» Directions
Where the line containing "会場内のコーディネートも、テ" appears in the records below, begin there and repeat each line exactly through the final one, dropping all pictures.

*** Exercise data

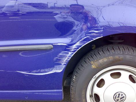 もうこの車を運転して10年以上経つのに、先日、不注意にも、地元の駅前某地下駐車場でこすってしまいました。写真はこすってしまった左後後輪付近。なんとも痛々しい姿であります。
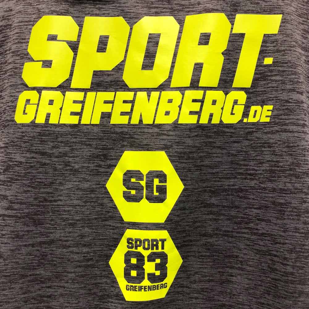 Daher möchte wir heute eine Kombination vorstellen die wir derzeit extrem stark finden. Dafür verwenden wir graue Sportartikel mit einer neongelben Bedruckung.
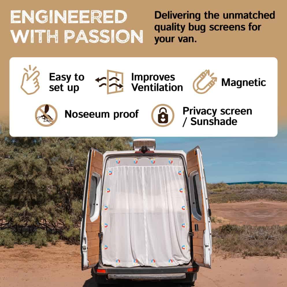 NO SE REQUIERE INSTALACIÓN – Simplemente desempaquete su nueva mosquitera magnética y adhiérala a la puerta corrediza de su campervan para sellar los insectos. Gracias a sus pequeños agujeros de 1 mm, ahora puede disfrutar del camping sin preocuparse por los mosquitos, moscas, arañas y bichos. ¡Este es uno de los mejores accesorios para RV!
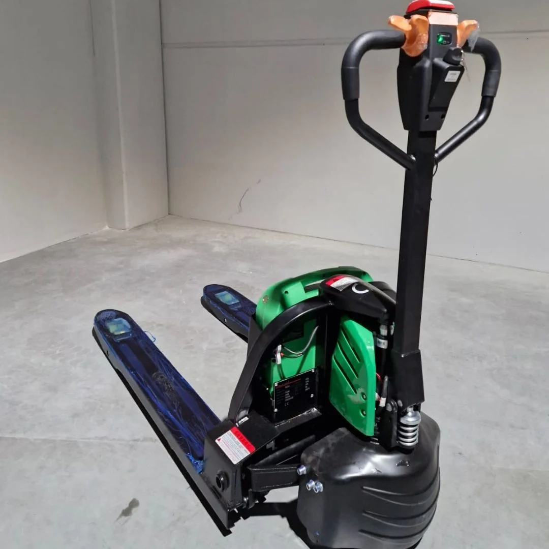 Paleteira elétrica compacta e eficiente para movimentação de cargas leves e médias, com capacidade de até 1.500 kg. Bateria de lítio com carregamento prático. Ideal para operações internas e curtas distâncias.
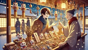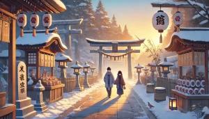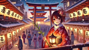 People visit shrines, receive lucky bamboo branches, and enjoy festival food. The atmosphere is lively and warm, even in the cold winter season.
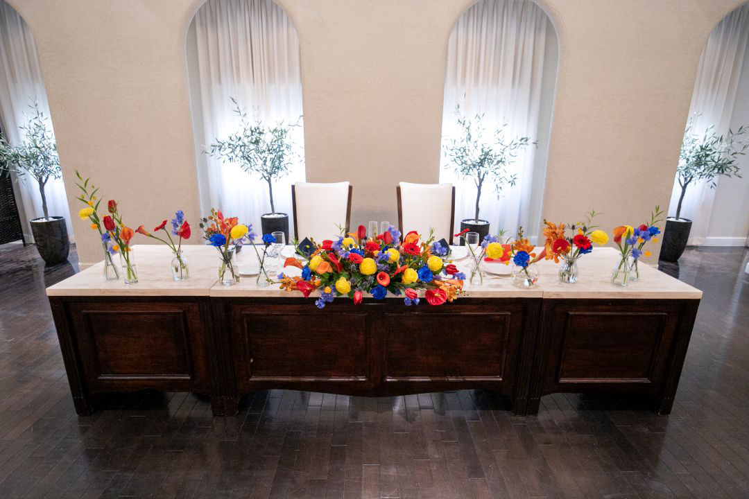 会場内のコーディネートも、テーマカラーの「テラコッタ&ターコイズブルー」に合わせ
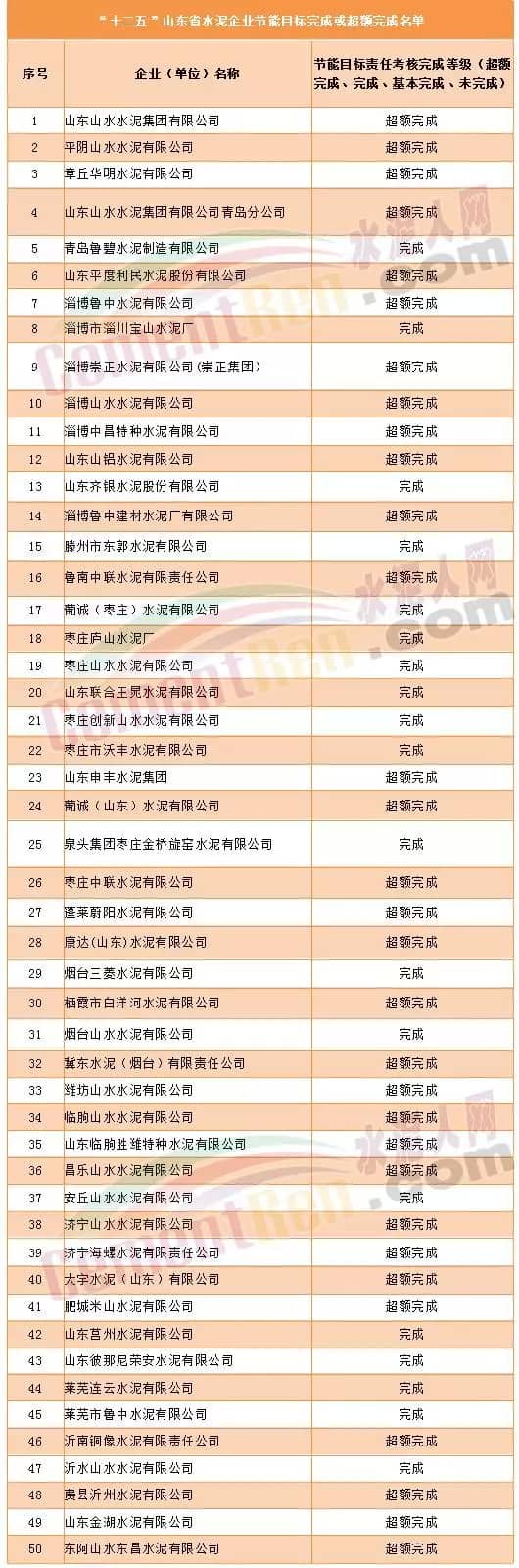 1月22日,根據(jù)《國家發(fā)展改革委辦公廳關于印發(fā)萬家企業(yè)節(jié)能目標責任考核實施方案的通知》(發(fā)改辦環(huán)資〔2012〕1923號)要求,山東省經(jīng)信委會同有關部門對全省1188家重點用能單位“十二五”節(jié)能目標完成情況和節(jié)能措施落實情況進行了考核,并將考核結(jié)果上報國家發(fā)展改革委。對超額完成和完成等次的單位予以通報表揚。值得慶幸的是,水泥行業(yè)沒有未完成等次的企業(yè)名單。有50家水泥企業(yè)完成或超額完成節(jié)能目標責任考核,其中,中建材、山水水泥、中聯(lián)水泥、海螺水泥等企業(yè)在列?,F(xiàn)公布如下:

******

» Written response
 会場内のコーディネートも、テーマカラーの「テラコッタ&ターコイズブルー」に合わせ
 1月22日,根據(jù)《國家發(fā)展改革委辦公廳關于印發(fā)萬家企業(yè)節(jié)能目標責任考核實施方案的通知》(發(fā)改辦環(huán)資〔2012〕1923號)要求,山東省經(jīng)信委會同有關部門對全省1188家重點用能單位“十二五”節(jié)能目標完成情況和節(jié)能措施落實情況進行了考核,并將考核結(jié)果上報國家發(fā)展改革委。對超額完成和完成等次的單位予以通報表揚。值得慶幸的是,水泥行業(yè)沒有未完成等次的企業(yè)名單。有50家水泥企業(yè)完成或超額完成節(jié)能目標責任考核,其中,中建材、山水水泥、中聯(lián)水泥、海螺水泥等企業(yè)在列?,F(xiàn)公布如下:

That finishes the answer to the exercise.